Parents expressed anger and frustration at the latest curveball from City Hall.
“Horrible. I’m a kindergarten mom, so it’s really hard for the little kids,” Diana Loffredo, 36, whose son, Liam, is in kindergarten at Brooklyn’s PS 127. “I know a lot of us aren’t too happy. We’ve been following the protocol. We’ve been doing the right thing. I just feel like we are being penalized. It’s not really fair.”
Shamsuddeen Aldubai, 41, who has two kids at the school also fumed.
“The kids want to be around their friends and at school,” he said. “They don’t want to stay at home. They want to go to school to get an education. Online school is not as much as they get at school.”
The order will impact the roughly 300,000 city students still currently enrolled in City Hall’s blended learning format that has kids alternate between home and classroom instruction.
Roughly 700,000 students are already on a fully remote schedule and do not go to their buildings.
The mayor’s commitment to the 3 percent kill switch has met resistance from critics who view it as an arbitrary and outdated indicator of a COVID-19 surge.
While he said he would defer to de Blasio on city school closures, Gov. Cuomo has argued that the number was established months ago and that more informative data has evolved since.
Sources said Wednesday that the United Federation of Teachers has been firm in maintaining the 3 percent threshold that was negotiated with the city.
Citing coronavirus safety concerns, vocal union factions lobbied hard against a school resumption in the weeks leading up to the partial reopening in late September.

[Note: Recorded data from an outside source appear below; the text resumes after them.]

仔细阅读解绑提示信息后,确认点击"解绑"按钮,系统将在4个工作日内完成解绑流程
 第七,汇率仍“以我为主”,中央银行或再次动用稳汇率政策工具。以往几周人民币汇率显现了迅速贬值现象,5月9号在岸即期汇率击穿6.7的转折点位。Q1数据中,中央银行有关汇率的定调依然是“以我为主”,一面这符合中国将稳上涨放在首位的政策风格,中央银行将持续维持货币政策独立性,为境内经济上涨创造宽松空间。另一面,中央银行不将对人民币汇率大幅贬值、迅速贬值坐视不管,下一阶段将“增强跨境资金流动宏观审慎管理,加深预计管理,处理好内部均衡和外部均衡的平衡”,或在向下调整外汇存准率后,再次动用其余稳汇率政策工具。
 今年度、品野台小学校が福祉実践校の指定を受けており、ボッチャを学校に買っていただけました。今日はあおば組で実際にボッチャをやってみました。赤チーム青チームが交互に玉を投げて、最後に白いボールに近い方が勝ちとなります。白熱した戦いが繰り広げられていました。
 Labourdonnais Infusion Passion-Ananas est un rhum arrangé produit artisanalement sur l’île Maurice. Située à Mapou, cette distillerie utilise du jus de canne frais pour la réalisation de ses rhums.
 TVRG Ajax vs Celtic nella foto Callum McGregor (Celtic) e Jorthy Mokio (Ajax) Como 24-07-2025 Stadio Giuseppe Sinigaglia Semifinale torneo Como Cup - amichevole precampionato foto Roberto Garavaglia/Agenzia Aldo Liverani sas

“The city established the 3 percent infection rate threshold to make sure that schools did not become centers to spread the coronavirus,” UFT President Michael Mulgrew said in a brief statement Wednesday. “Since the 3 percent rate has been reached, education will continue but all students will be learning remotely.”
De Blasio did not offer a timetable for a reopening or specify the circumstances that would enable it.

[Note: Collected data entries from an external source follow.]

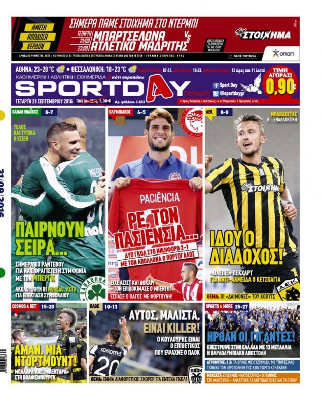 Oι αθλητικές εφημερίδες 21/9/2016 Enikos Newsroom 04:45, Τετάρτη 21 Σεπτεμβρίου 2016 Media Διαβάστε τα σημερινά πρωτοσέλιδα των αθλητικών εφημερίδων: ΑΘΛΗΤΙΚΕΣ ΕΦΗΜΕΡΙΔΕΣ ΠΡΩΤΟΣΕΛΙΔΑ Μοιράσου το: σχολίασε κι εσύ (0 σχόλια) Ακολουθήστε το enikos.gr στο Google News και μάθετε πρώτοι όλες τις ειδήσεις Δείτε όλες τις τελευταίες ειδήσεις από την Ελλάδα και τον Κόσμο στο enikos.gr Ειδήσεις Ροή Ειδήσεων 5 ώρες πριν Χίος: 15 νεκροί και πολλοί τραυματίες μετά το σοβαρό επεισόδιο Λιμενικού και σκάφους διακινητών 6 ώρες πριν Δολοφονία στη Νέα Πέραμο: Στο «μικροσκόπιο» των Αρχών η τεράστια περιουσία του 27χρονου – Η κατάθεση της συντρόφου του και όσα λένε συγγενικά του πρόσωπα 6 ώρες πριν Υπόθεση Επστάιν: Η σαπίλα που αναδύεται έχει βαθιές ρίζες – Η Αμερική πρέπει τώρα να αναρωτηθεί αν μπορεί να ξεπεράσει μια κουλτούρα ντροπής 6 ώρες πριν Πέπλο μυστηρίου γύρω από την εξαφάνιση της 16χρονης Λόρας – Ο άνδρας που βρέθηκε μαζί της στην πτήση, ο «αυταρχικός» πατέρας και η αντίδραση του αδελφού της 8 ώρες πριν Κλειστό για τρεις ημέρες το Ειδικό Σχολείο Σάμου: «Κάθε έλλειψη είναι κίνδυνος», λένε οι γονείς – Τι υποστηρίζει ο Δήμος 2 ώρες πριν Τα ζώδια σήμερα, Τετάρτη 4 Φεβρουαρίου 2026: Ζυγοί, τιμήστε την ανάγκη σας για αναζωογόνηση 6 ώρες πριν «Χρυσή» αρχαιολογική ανακάλυψη σε χωριό – Βρέθηκε αριστοκρατικός οικισμός σε κτήματα θρυλικού βασιλιά 8 ώρες πριν Πώς να προσελκύσετε πλούτο, ανάλογα με τον μήνα γέννησής σας 9 ώρες πριν Οι άνδρες που δεν σταματούν ποτέ να κάνουν τις γυναίκες τους να νιώθουν ξεχωριστές, έχουν συνήθως αυτά τα 4 ιδιαίτερα χαρακτηριστικά 2 λεπτά πριν Εφημερεύοντα φαρμακεία σε Αθήνα και Θεσσαλονίκη (4/2) 7 λεπτά πριν Συνομιλίες ΗΠΑ – Ιράν αύριο στο Ομάν κι όχι στην Τουρκία, αναφέρουν αραβικές πηγές 23 λεπτά πριν Ιωάννινα: Αρχίζει σήμερα ο προσυνεδριακός διάλογος για το 16ο Τακτικό Συνέδριο της ΝΔ 47 λεπτά πριν Χιός: Νεότερη ενημέρωση από τους τραυματίες – Ελαφρά οι δύο του λιμενικού – Με το πρώτο φως της μέρας συνεχίζονται οι έρευνες για αγνοούμενους 59 λεπτά πριν Θετικό το κλίμα στη συνάντηση Τραμπ με τον πρόεδρο της Κολομβίας Γουστάβο Πέτρο για την καταπολέμηση της εμπορίας ναρκωτικών ENIKOS NETWORK Κρίση άγχους: Το πρώτο πράγμα που προτείνει ένας ψυχοθεραπευτής να κάνετε για να ηρεμήσετε Άδωνις Γεωργιάδης: Σε app για το κινητό τηλέφωνο το Εθνικό Μητρώο Νεοπλασιών ΕΑΕΕ: Άνοδος στην παραγωγή ασφαλίστρων το ενδεκάμηνο του 2025 – Τι δείχνουν τα στοιχεία Κενές περισσότερες από 70.000 θέσεις εργασίας στον γεωργικό τομέα – «Περίπου το 10% του καρπού της ελιάς έχει μείνει στα δέ... Ευπάθεια στο moltbook ai αποκαλύπτει email, tokens σύνδεσης και api keys Αυτός είναι ο ρόλος της μικρής τρύπας στους νυχοκόπτες – «Είμαι ο μόνος που δεν το ήξερε;»» περισσότερα 02:33 , Τετάρτη 04 Φεβρουαρίου 2026 MasterChef: Λύγισε ο Γιώργος Αχλαδιώτης – «Κερδίζω, συγκινούμαι… Τώρα θα τους δείξω τι αξίζω» Το πρώτο Τεστ Δημιουργικότητας του MasterChef ολοκληρώθηκε με έναν ξεκάθαρο πρωταγωνιστή. Ο Γι... 21:33 , Τρίτη 03 Φεβρουαρίου 2026 Porto Leone: Στη γειτονιά με τα κόκκινα φανάρια – Η Ασημίνα αποκαλύπτει στην Αλεξάνδρα την εγκυμοσύνη της Λένας Η μεγάλη δραματική σειρά του Apha «Porto Leone: Στη γειτονιά με τα κόκκινα φανάρια» επιστρέφει... 19:52 , Τρίτη 03 Φεβρουαρίου 2026 Να μ’ αγαπάς: Ο Θεόφιλος ζητά από την Σοφία να φύγει από το σπίτι Στο σπίτι των Καλλιγά, τα αληθινά αποτελέσματα DNA επιβεβαιώνουν ότι η Εβίτα είναι κόρη του Θε... 10:57 , Τρίτη 03 Φεβρουαρίου 2026 Ακούστε το σχόλ
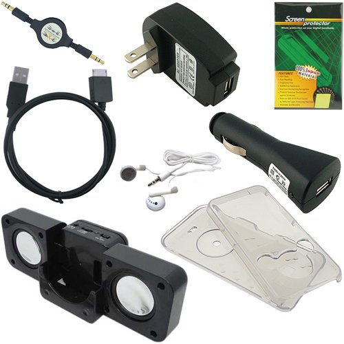 Ultimate, Premium Accessory Combo Bundle: Clear Crystal Case Cover, Car Charger, Wall / Travel / AC Adapter Charger, USB 2in1 Data Sync Cable, White Earphones / Headphones, 3.5mm Retractable Auxillary Cable, Screen Guard / Protector With A Lint Cleaning Cloth, Black Foldable Speaker Dock For The Sony Walkman NWZ S630 Or S730 Series (S636, S638, S639, S736, S738, S739)
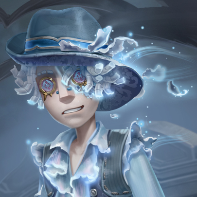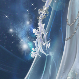 繁复的头饰装点着银白色的卷发,垂落的链条遮盖住左侧的面颊,头顶洁白的水晶兰晶莹剔透,吸引着幽蓝的蝴蝶落在她的肩头。
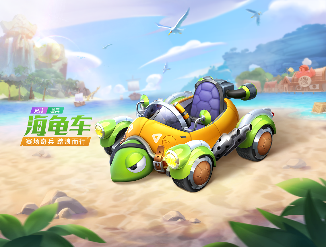 丰厚好礼还不止如此!在同期开放的冠军试炼中,参与活动还有机会获得另一辆全新道具赛车——海龟车!赛场奇兵,踏浪而来!赶快来看看吧!

“To protect school communities we are going to have to put additional measures in place,” he said when asked by reporters when kids could be back in class. “We’re talking with the state right now on what those should be.”
Many parents have also noted that City Hall had consistently touted the safety of in-person learning in recent weeks.
According to the Department of Education, random internal testing of students and staffers in city school buildings consistently yielded minimal infection rates hovering around 0.19 percent.
De Blasio has argued in recent days that adhering to the 3-percent cutoff signaled his seriousness about containing the virus.
Already dazed by whipsaw policy throughout the tattered academic year, some parents began formulating a protest at City Hall soon after the announcement was made.
The group cited “hard data collected since the start of school establishing that the safety measures implemented in city schools have made schools, as the mayor has said, ‘extraordinarily safe’ for both teachers and students.”
De Blasio said he regretted having to take the action Wednesday but was satisfied with the overall arc of his schooling policy given the challenges posed by the coronavirus.
“We came back from the worst of this disease,” de Blasio said. “Overcame that, became one of the safest places in the country, opened up the nation’s largest school system, made it extraordinarily safe. But we’re also living by those cautious conservative standards.”